■ What is required
For the records that follow, please set down exactly the lines between the one holding "Dekor mit fondant" and the one holding "В центре Москвы", inclusive, and only those.

■ Information given
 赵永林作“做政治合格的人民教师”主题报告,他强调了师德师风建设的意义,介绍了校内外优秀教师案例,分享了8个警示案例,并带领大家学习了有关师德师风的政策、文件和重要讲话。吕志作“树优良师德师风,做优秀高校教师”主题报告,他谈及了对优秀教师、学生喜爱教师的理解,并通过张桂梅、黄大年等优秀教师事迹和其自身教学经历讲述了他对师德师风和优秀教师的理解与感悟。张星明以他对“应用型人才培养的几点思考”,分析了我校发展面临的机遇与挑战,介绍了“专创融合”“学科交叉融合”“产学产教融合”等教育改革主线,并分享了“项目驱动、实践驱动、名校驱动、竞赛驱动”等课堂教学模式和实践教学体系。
---
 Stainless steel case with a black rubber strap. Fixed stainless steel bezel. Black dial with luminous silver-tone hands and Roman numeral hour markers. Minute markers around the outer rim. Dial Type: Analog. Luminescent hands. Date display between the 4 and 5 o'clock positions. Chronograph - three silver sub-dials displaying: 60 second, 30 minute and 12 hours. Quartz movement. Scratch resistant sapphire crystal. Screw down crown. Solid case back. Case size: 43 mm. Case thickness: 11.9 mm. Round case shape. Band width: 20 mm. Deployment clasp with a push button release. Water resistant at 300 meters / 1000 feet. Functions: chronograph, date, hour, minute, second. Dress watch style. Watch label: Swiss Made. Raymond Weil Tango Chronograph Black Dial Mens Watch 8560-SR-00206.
--
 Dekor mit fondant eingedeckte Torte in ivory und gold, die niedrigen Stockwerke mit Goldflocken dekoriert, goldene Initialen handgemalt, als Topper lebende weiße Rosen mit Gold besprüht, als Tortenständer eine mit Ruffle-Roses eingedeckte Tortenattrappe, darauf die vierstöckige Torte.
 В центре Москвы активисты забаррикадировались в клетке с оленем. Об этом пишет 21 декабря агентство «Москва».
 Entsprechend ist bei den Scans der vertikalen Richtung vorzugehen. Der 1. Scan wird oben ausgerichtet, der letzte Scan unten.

■ Solution for this problem
 Dekor mit fondant eingedeckte Torte in ivory und gold, die niedrigen Stockwerke mit Goldflocken dekoriert, goldene Initialen handgemalt, als Topper lebende weiße Rosen mit Gold besprüht, als Tortenständer eine mit Ruffle-Roses eingedeckte Tortenattrappe, darauf die vierstöckige Torte.
 В центре Москвы активисты забаррикадировались в клетке с оленем. Об этом пишет 21 декабря агентство «Москва».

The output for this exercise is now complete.